Disease Burden and Quality of Life in Psoriasis Patients With and Without Comorbid Psoriatic Arthritis: Results From National Psoriasis Foundation Panel Surveys
Ms. Edson-Heredia, Drs. Zhu and Maeda-Chubachi, and Ms. Guo are from Lilly Research Laboratories, Indianapolis, Indiana. Dr. Lebwohl is from the Icahn School of Medicine at Mount Sinai, New York, New York.
This study was fully sponsored by Eli Lilly and Company. Ms. Edson-Heredia, Drs. Zhu and Maeda-Chubachi, and Ms. Guo are employees and stockholders for Eli Lilly and Company. Dr. Lebwohl is a consultant and investigator for AbGenomics International Inc; Amgen Inc; Can-Fite BioPharma; Coronado Biosciences; Dermipsor Ltd; Eli Lilly and Company; Forward Pharma; Janssen Biotech Inc; LEO Pharma; Meda Pharmaceuticals; Merck & Co; Novartis Corporation; Pfizer Inc; Taro Pharmaceuticals USA, Inc; and UCB, Inc.

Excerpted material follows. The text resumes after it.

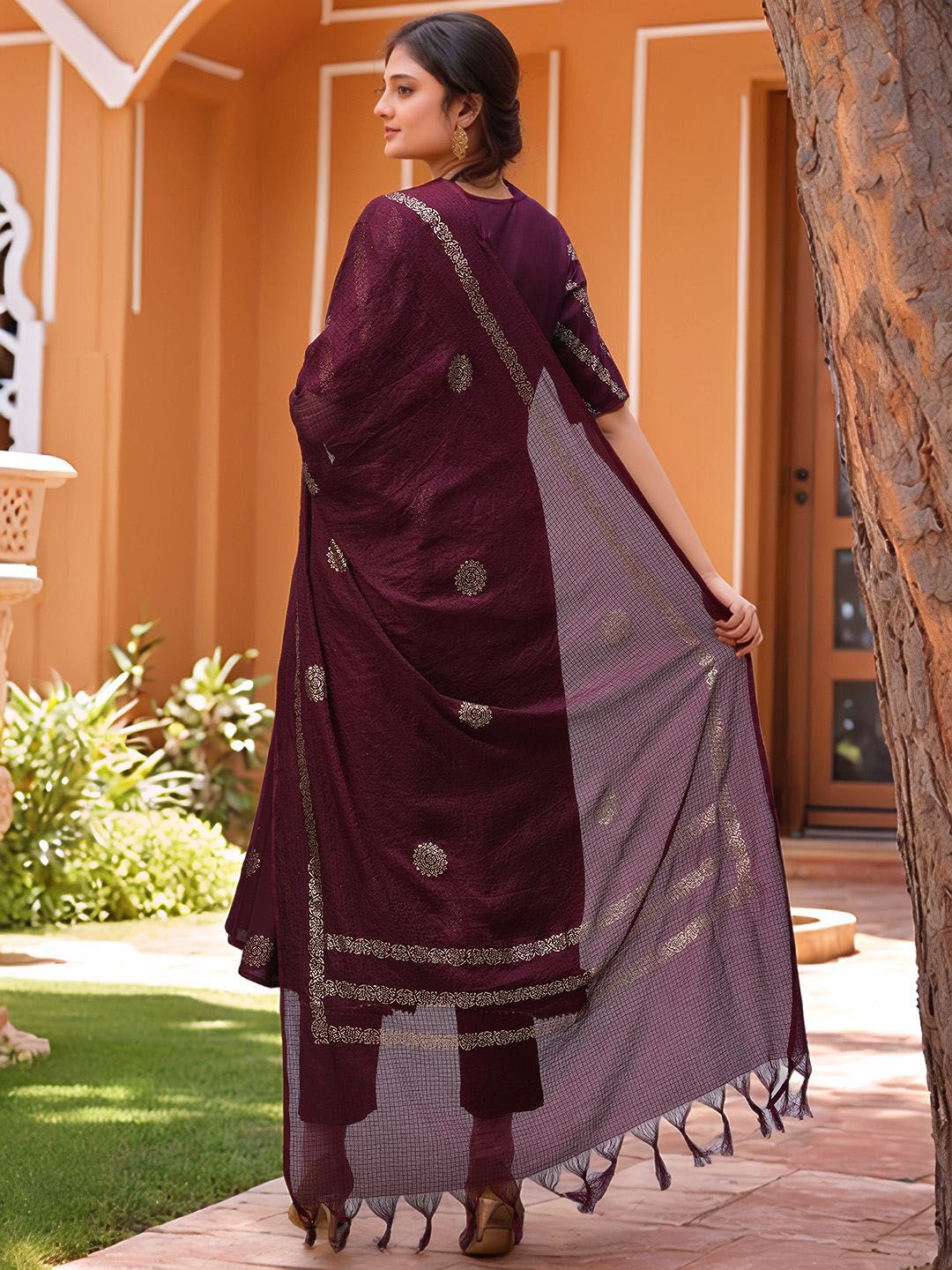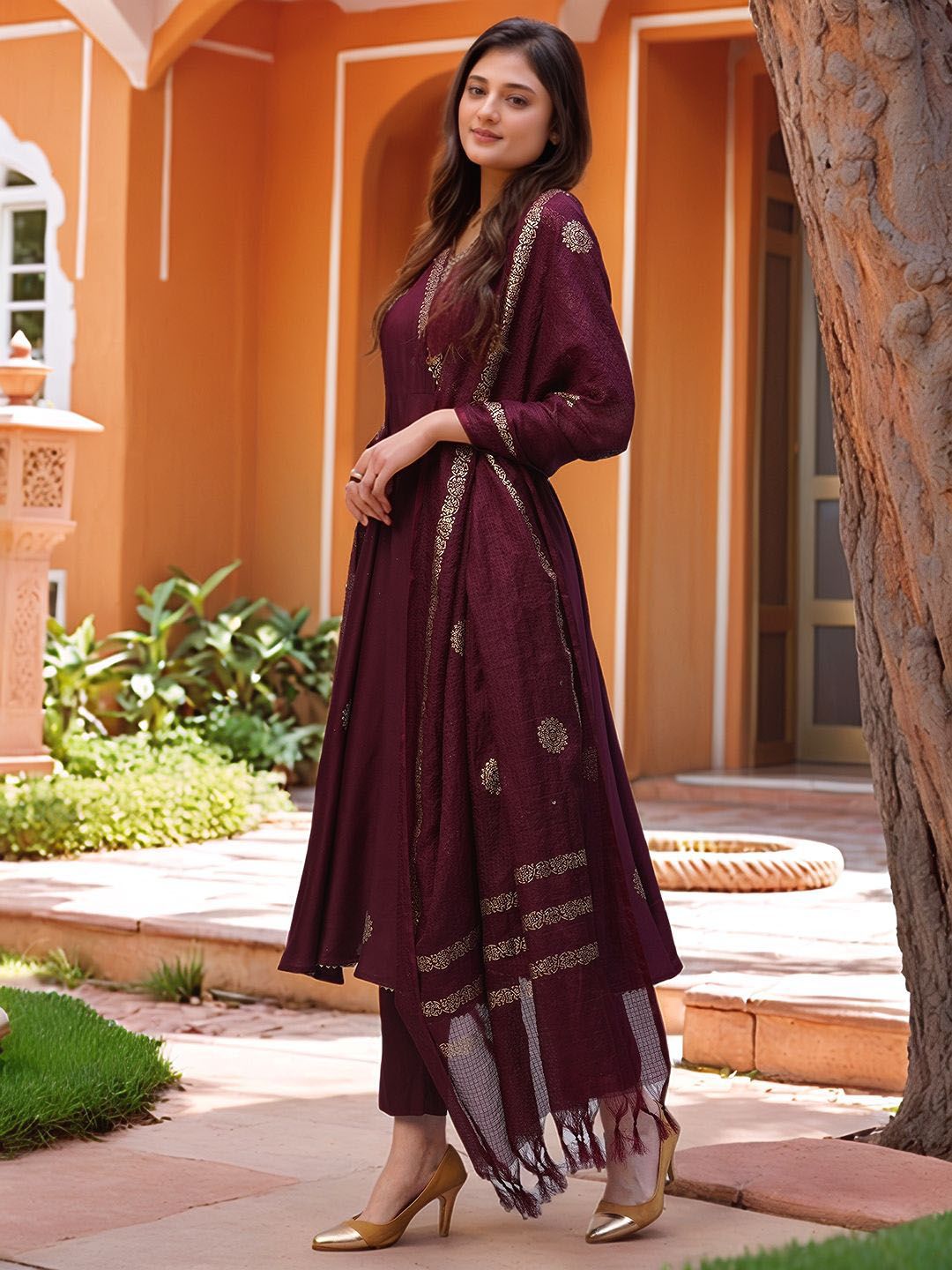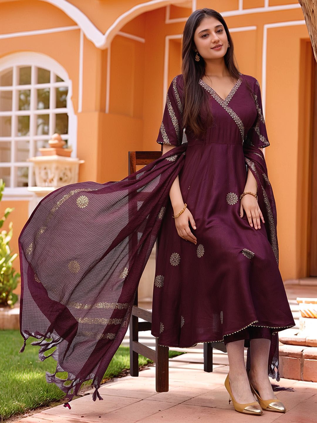 Aaghnya Floral Printed V-Neck Anarkali Kurta With Trousers & Dupatta

Correspondence: Emily Edson-Heredia, MPH, Lilly Corporate Center, Indianapolis, IN 46285 (eheredia@lilly.com).
Patients with moderate to severe psoriasis and comorbid PsA reported significantly higher rates of diabetes mellitus, lupus, rheumatoid arthritis, other arthritis, ankylosing spondylitis, and high blood pressure than patients with moderate to severe psoriasis alone (P<.05)(Table 2). In the group with psoriasis alone, patients with moderate to severe psoriasis had significantly lower rates of lupus compared to those with mild psoriasis (P<.05). In the group with PsA, patients with moderate to severe psoriasis were significantly more likely to report diagnoses of colitis, diabetes mellitus, heart disease, and high blood pressure compared to those with mild to no psoriasis (P<.05).